今さら聞けない「UTM」「EPP」「EDR」の違いと役割〜中小企業に必要なセキュリティ

「ウイルス対策ソフトを入れているから大丈夫」は過去の話
かつてはウイルス対策ソフト(アンチウイルス)を導入すれば多くの脅威を防ぐことができました。しかし現代の攻撃ツールは、アンチウイルスに検知されないよう設計された「ゼロデイ型」や、正規プロセスを悪用する「ファイルレス型」が増えています。
IPAの調査では、ランサムウェア被害を受けた組織の多くが「ウイルス対策ソフトを導入していた」と報告しています。現代のセキュリティには、UTM・EPP・EDRという3つの異なる役割を持つ対策を組み合わせる「多層防御」が必要です。

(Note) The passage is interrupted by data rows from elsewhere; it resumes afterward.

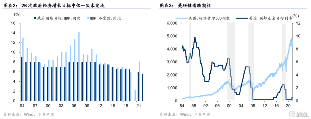 以去年底中央經濟工作會議爲標誌,經濟工作重心全面轉向“穩增長”,兩會提出5.5%的增長目標進一步彰顯決心。歷史上,政府全年增長目標幾乎全部實現,唯一的例外是在1998年,大洪水衝擊下全年實現GDP增長7.85%,和8.00%的目標差之毫釐。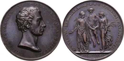 Manfredini - AE pamětní medaile 1818 - poprsí zprava, opis / Minerva, Merkur a Ceres, opis a nápis, Sign., 37mm, 36.608g, H.3597(AR), M.2479(AR), patina R!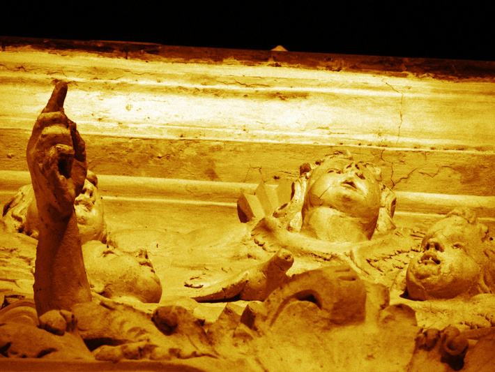 bij nacht, het beeld boven de ingang, van onder gezien.
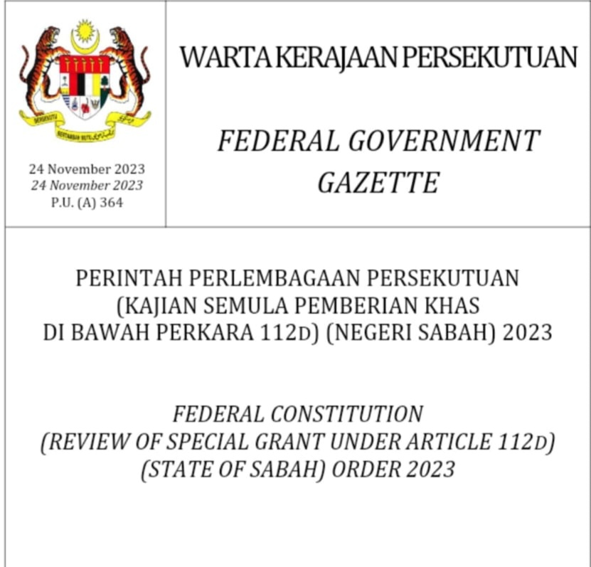 Under the *Federal Government Gazette P.U. (A) 364/2023*, the law states: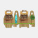 Tryckt bamboo och handflatan löv Tiki Pub med tropiska cocktails, surfor och handflatan träd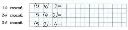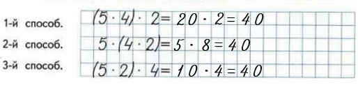 В третьем способе сначала узнаем количество гвоздик, если взять по одной вазе на первом и втором подоконниках, а затем умножим полученный результат на количество ваз на каждом из подоконников.

UTM(統合脅威管理)──「ネットワークの入口」を守る門番
UTM(Unified Threat Management:統合脅威管理)は、ファイアウォール・IPS・Webフィルタリング・メールフィルタリング・VPNなど複数のセキュリティ機能を1台の機器に集約したネットワークセキュリティ機器です。会社のインターネット接続の「入口」に設置して使います。
UTMの主な機能
・ファイアウォール:外部からの不正な通信をブロック
・IPS/IDS:不正侵入の試みを検知・防御
・Webフィルタリング:危険なウェブサイトへのアクセスをブロック
・メールフィルタリング:フィッシングメール・マルウェア添付を遮断
・VPN:安全なリモートアクセスの実現
UTMのメリット・デメリット
【メリット】1台で複数機能を管理でき、ネットワーク全体を一括保護。設定・管理が比較的シンプルでコスト効率が高い。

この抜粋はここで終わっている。